Mutfağa girdiğimde gördüğüm kişinin şokuna uğrayamadan Barın'a gülmeye başladım. Neden mi? Mini eteğin altında gözüken eşofman, düşük omuzlu penye, takma kirpik, ruj ve takma tırnaktan oluşan görüntüsü beni haykırarak gülmeye zorluyordu.
"Bu hâl ne?"
"Selim'e sor onu aşko." dedi dudaklarını büzerek ve ben kahkahalarla gülmeye başladım. Zar zor sakinleşip Selim'e döndüm.
"Hoş geldin aşkım. Ne bunun bu hâli ?"
"Hoş buldum. İddaya girmiştik, kaybetti."
"Şaşırmadım. Ay çok açım yiyelim hadi."
"Sabahtan beri bir şey yemezsen acıkırsın." diyen Barın'a göz devirip sofraya oturdum.
"Ne zaman gideceksin Selim Bey ?"
"Belli değil abi, süresiz izin aldım."
"Niye ?"
"Patronun şoförü kaza yapmıştı. Hastanede. Patron da sen al beni bir süreliğine, dedi. Dedim tamam alıyım, meğer benim konserde kavga ettiğim kadın bizim patronun kızıymış. Öyle denk gelince, öyle işte."
"Ay sırf kızı için kovdu mu seni ?" dedim şok içinde.
"Ücretli izin verdi."
"Selim-"
"Umrumda değil abla. Beni üzen kovulmuş olmam değil. Ben sadece... sevmiştim."
Konuşmak için ağzımı açacaktım ki Selim çalan telefonuyla sofradan kalktı.
~Selim Zincirli'den~
Gelen aramayla sofradan kalkmıştım.
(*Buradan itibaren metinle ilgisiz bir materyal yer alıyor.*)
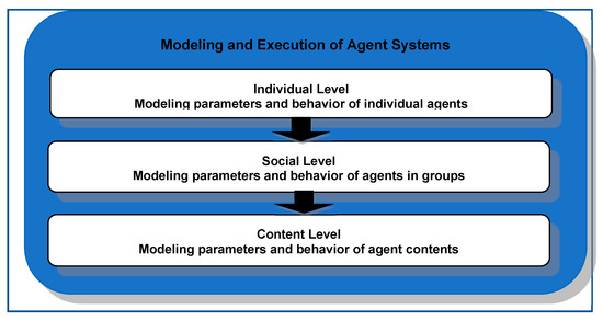 The agent systems to be verified are modeled using the AnyLogic system [40]. Each individual agent’s behaviors, preferences, and activities are modeled using state charts [48]. The creation of agents and the modeled agent activities and statuses can be executed at a specified rate and time throughout the model execution. Depending on the modeled agent systems, each agent has its own parameters and attributes. The typical agent attributes include: AgentId and AgentName. Agent social activities involve the interaction between agents to request and confirm relationship links and to share information related to profiles, relationships, online statuses, and contents. The modeled and executed agent social activities are monitored and real time agent parameters and attributes (contextual information) are tracked in order to be used during quality assessment. The agent quality depends on its own preferences and the preferences of other agents that interact with the agent. Basically, for agents that interact with each other and perform social activities, there are three layers of executions that incorporate the verification and assessment process, which are the individual level, group level, and content level. Figure 3 shows the modelling and execution phase of the AQM framework.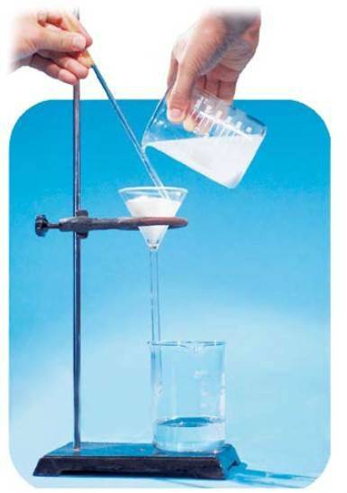 过滤时应注意:漏斗要放在漏斗架上,调整好漏斗架的高度,使漏斗的出口靠在接收器的内壁上,这样,滤液可顺着器壁流下,不致四溅。先转移溶液,后转移沉淀。这样就不会因沉淀堵塞滤纸的孔隙而减慢过滤速率。转移溶液和沉淀时,均应使用搅拌棒。转移溶液时,应把溶液滴在三层滤纸的侧面,以防液滴把单层滤纸冲破。加入漏斗中的溶液不能超过圆锥滤纸的总容积的2/3。加得过多会使溶液从滤纸和漏斗内壁间流入接收器而失去滤纸的过滤作用。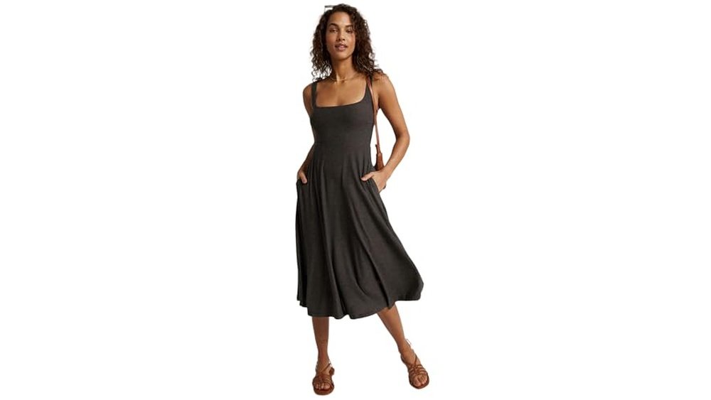 Beyond Yoga at the Ready Dress offers a lightweight and comfortable athleisure option with a flattering square neckline for everyday wear.

Barın abi sakin bir insandı ama ablam, babamın hâlâ beni aradığını bilse kriz geçirir, kendine zarar verirdi. Arayanın babam olduğunu düşünmüştüm ama "Ne var ?" diye açtığım telefondan ince bir kadın sesi geldi.
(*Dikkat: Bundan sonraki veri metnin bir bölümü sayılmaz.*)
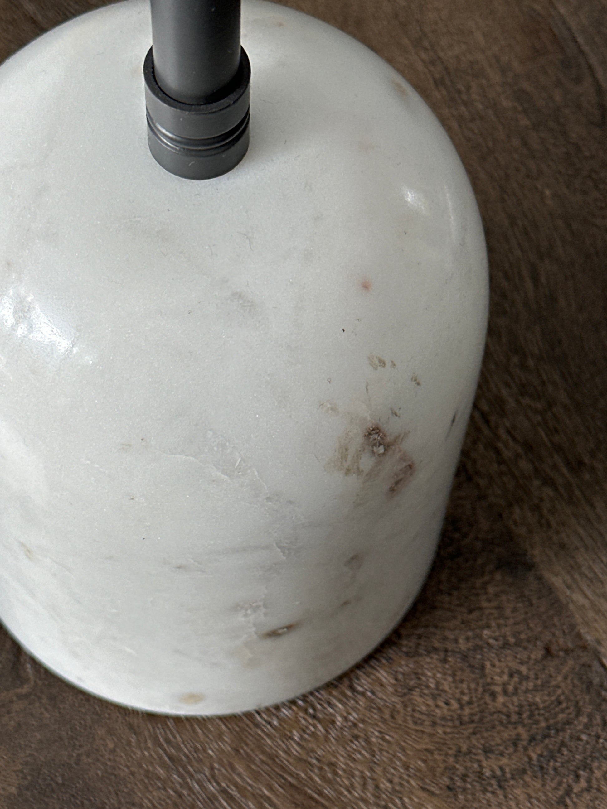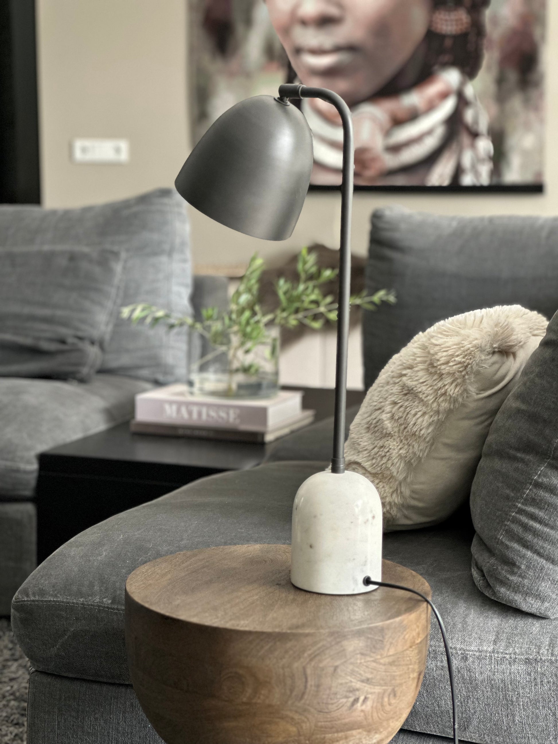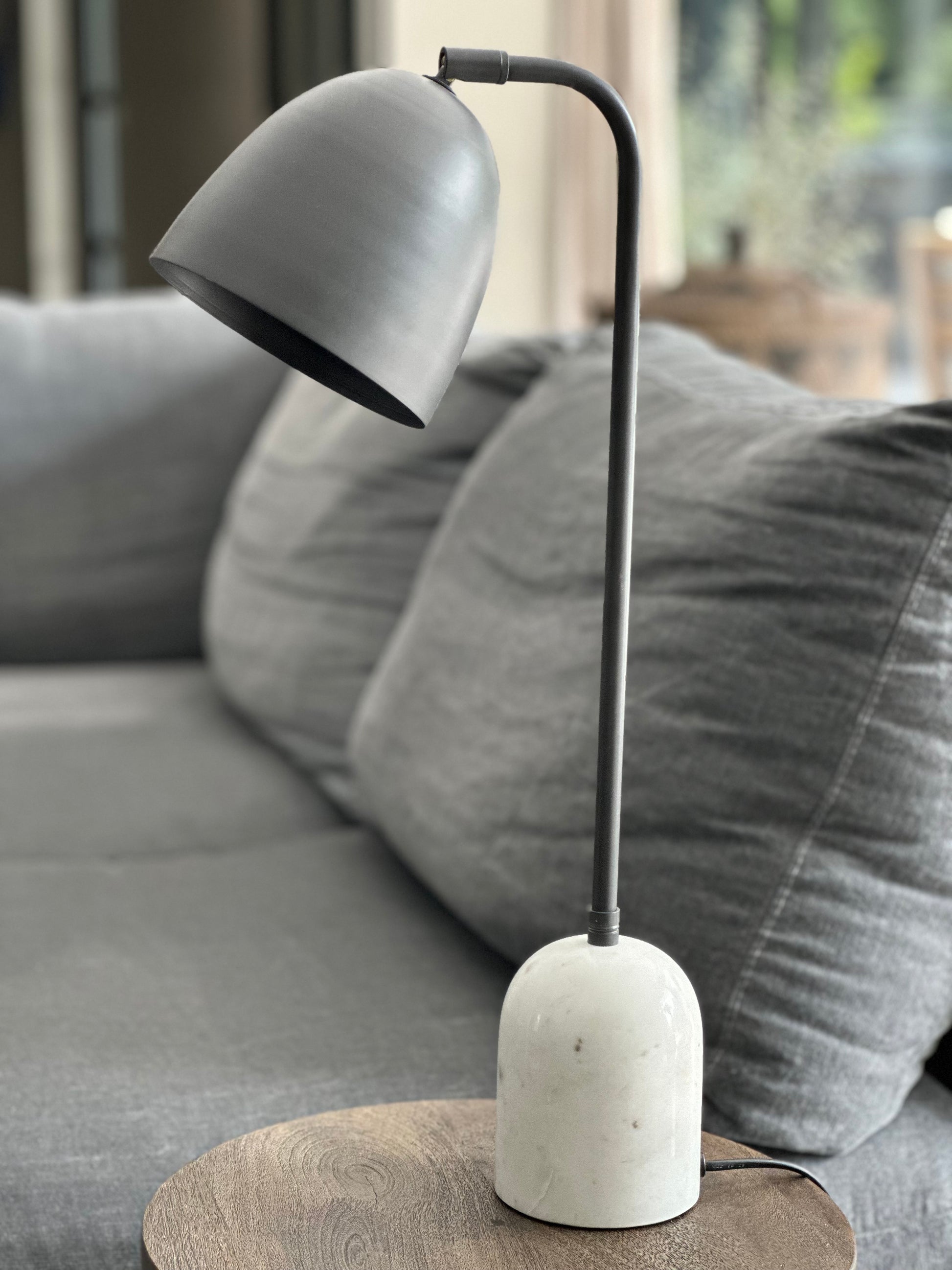 Breng sfeer en klasse in je interieur met deze elegante tafellamp. De lamp combineert tijdloze materialen met een moderne uitstraling. De stevige, massieve voet is gemaakt van echt marmer – een natuurproduct dat elke lamp uniek maakt. Het slanke armatuur is uitgevoerd in antracietkleurig staal voor een strakke, industriële look.

"Çok kabasın, bana özel mi genel mi ?"
"Asel Hanım, kusura bakmayın. Bakmadan açınca öyle oldu, buyrun ?"
"Şey ben... babamla konuştum da, babamla çalışmaya devam ettiğiniz sürece benim şoförüm olmanızı istiyorum."
"Anlamadım neden ?"
"Yaşlarımız yakın ve kafa dengi birisin. Öyle işte."
"Asel Hanım, ben şoför değil özel güvenliğim."
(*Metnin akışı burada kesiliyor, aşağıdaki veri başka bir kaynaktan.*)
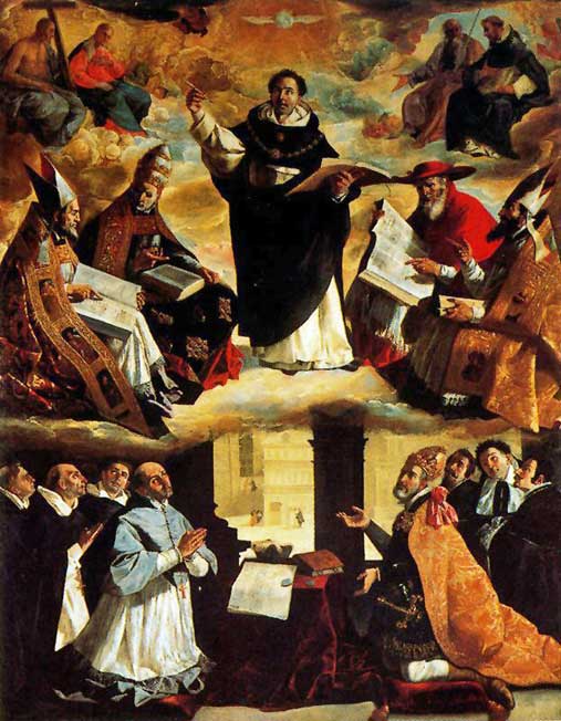 Tal día como ayer pero de 1664 fallecia Francisco de Zurbaran , al que le he dedicado varias paginas en esta web . Ademas de cartujos, tuvo una importante relación con la orden de los dominicos sevillanos , por el que fue contratato para exhornar sus entonces mas que importantes sedes en Sevilla.-El Triunfo de Santo Tomás Aquino , que vemos en la foto superior lo pinto Zurbaran en 1631, para el desaparecido Colegio de Santo Tomas, sito en la Plaza de Santo Tomas ( hoy Adolfo Rodriguez Jurado - frente al que fuera El Coliseo ) .Actualmente se halla en el Museo de Bellas Artes de Sevilla, cuadro que robó Soult afortunadamente recuperado .-

"Biliyorum Selim Bey, tadsız bir keşif olmuştu."
"Sahneye atlamamalıydınız. Ayrıca kadın olduğunuzun bilincinde olarak olabildiğince nazik davranmıştım. Sözlerinizin aksine öküz değilim."
"Haklısınız, kusura bakmayın."
"Önemli, Asel Hanım. O an size sıkmak zorunda da kalabilirdim."
"Abartmayın lütfen." dedi hafiften gülerek. Kalbimi tahmin edebiliyor musunuz ?
"Asel Hanım şoförünüz olamayacağımı tahmin edebilecek bir zeka seviyesine sahip olduğunuz her halinizden belli."
"Ah evet kusura bakmayın, yakın korumam olarak 2 hafta sonra işe başlamanız gerektiğini söyleyecektim." dedi mahçup olmuş bir gülüşle.
"Gülüşünüzü duyduğuma göre kapatmalıyım. İlgi bekleyen bir kadın var." dalgasına kurduğum bu cümleden sonra ablam "Selim, neredesin ?" diye seslenince bir götüm tutuştu tabii.
"Sevgiliniz olduğunu bilmiyordum." dedi ağlamaklı sesiyle. Kalbim bu sefer de depremlere sahiplik yaptı.
"Hayır! Ablam. Asel Hanım zaten kapatacağız, benim gelmeme de 2 hafta var. Sizi seviyorum, gözünüzden düşme ihtimali olan bir damlanın kalbimde depremlere sebep olacağı kadar çok."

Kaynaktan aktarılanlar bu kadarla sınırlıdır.